# Deep Learning and Differential programming: Exercise session

The dataset used in this exercise is a very tiny version of the counterfactual learning dataset we used in the following paper (This is not the real counterfactual learning dataset, which will be published later!!):

Fabien Baradel, Natalia Neverova, Julien Mille, Greg Mori, Christian Wolf. COPHY: Counterfactual Learning of Physical Dynamics. pre-print arXiv:1909.12000, 2019. [ArXiv]

The dataset has been created by my student Fabien Baradel during his PhD at INSA-Lyon.

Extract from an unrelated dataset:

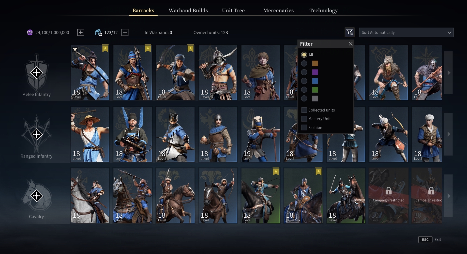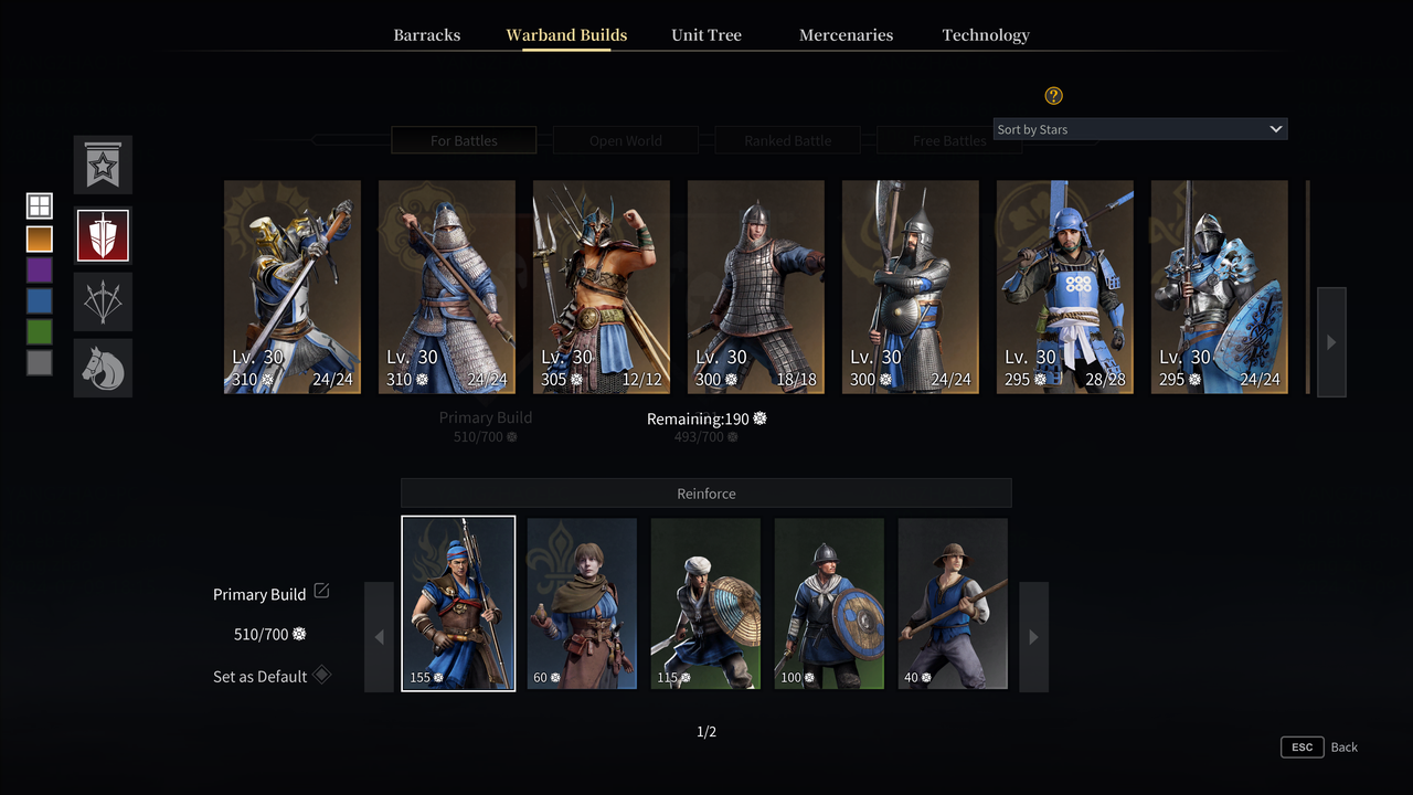 An option for filtering units by stars has been added to the [Barracks], [Warband Builds], and [Open World] interfaces. Additional filtering options for Mastery, Attire equipped Units, and Main Units have been added to the [Barracks] page.

## Exercise 1: detect balls in images

We will take as input images of the following kind:   The objective is to detect the spheres of different colors in the image. There are 9 different colored spheres:

```COLORS = ['red', 'green', 'blue', 'yellow', 'lime', 'purple', 'orange', 'cyan', 'magenta']
```

Only 3 spheres will be in each individual image. We provide ground truth data for each image in the form of two matrices:

• A 9x1 matrice (a 9D vector) which binary indicates the presence of the ball of a given color. 3 balls are present in each image.
• A 9x4 matrice with ball positions:
• Rows correspond to the balls of different colors. Only 3 balls are in each image, so only 3 rows in this matrix are non-zero.
• Columns correspond to: x1,y1, x2,y2.

Task 1: Write a neural model which detects the presence of each of the 9 possible balls in each image.

Task 2: Augment the neural model such that it also detects the bounding box coordinates of the 3 balls which are present.

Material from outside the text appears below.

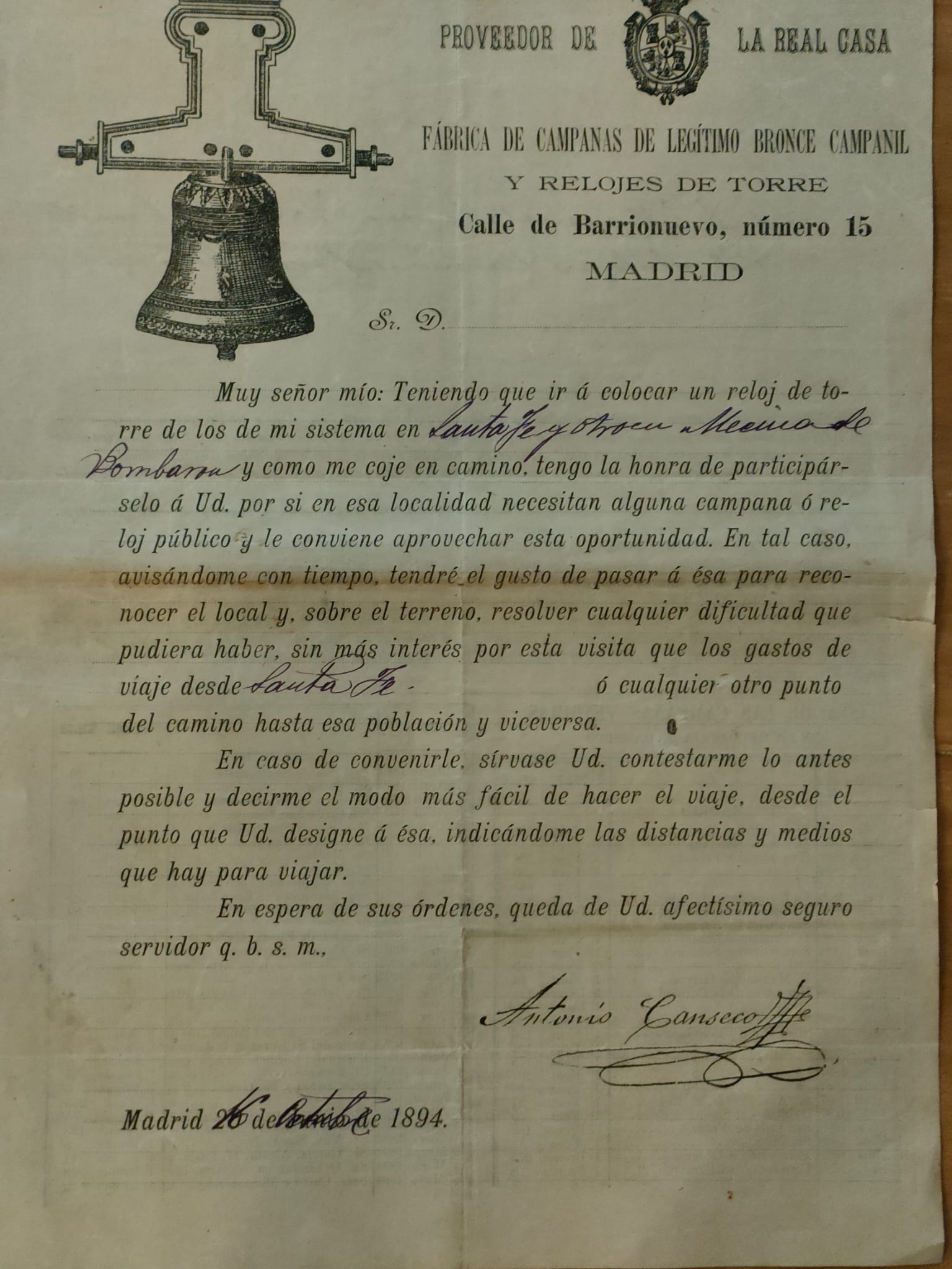 Era finales del siglo XIX y principios del XX, cuando autoridades civiles y eclesiásticas se vieron en la necesidad de incorporarse a los tiempos modernos. Abriéndose a recibir ofertas de fabricantes de relojes de torre, con campanas de legítimo bronce, para instalar en nuestros pueblos. Eran maquinarias de precisión, dotadas de una gran esfera que dominaba la cara principal de la torre, para poder ser vista desde puntos bastante distantes. En ocasiones, para que dicho dominio fuese más amplio, se colocaba más de una esfera, ocupando las distintas caras de la torre.

The set consists of 21000 images and ground truth matrices [TGZ].
Don't forget to split it into a training and a validation set.

The following python code is also provided:
• A data loader (a subclass of torch.data.Dataset class), which provides for each sample a 3 tuple of (image tenor (3,100,100), presence vector (9), bounding box matrix (9,4)).
• Visualization code, which allows to paint a bounding box on an image.
Zip archive of both files: [ZIP].

## Exercise 2 (Advanced!): future forecasting

Objective: Write a neural model, which takes two sequences of ball bounding box coordinates. Take the initial sequence of coordinates and predict the positions of the last instant.

This is actually an illposed problem, since the data has been created with several different physical properties, namely ball masses, friction coefficients, restitution coefficients. These coefficients are not observable from a single time instant (but they can be partially inferred by the network taking into account time). Therefore, do not expect the error to be close to zero.

The set consists of 7000 sequences, each composed of 20 time steps [TGZ].
Don't forget to split it into a training and a validation set.

Again, as before, only 3 spheres will be in each individual image. We provide ground truth data for each sequence in the follwing format:

• A 9x1 matrice (a 9D vector) which binary indicates the presence of the ball of a given color. 3 balls are present in each image.
• A 20x9x4 matrice with ball positions:
• Dimension 0 is time, from 0 to 19.
• The other two dimensions are like in the first dataset above:
• Dimension 1 corresponds to the balls of different colors. Only 3 balls are in each image, so only 3 rows in this matrix are non-zero.
• Dimension 2 corresponds to: x1,y1, x2,y2.

Zip archive of the data loader for this sequences dataset: [ZIP].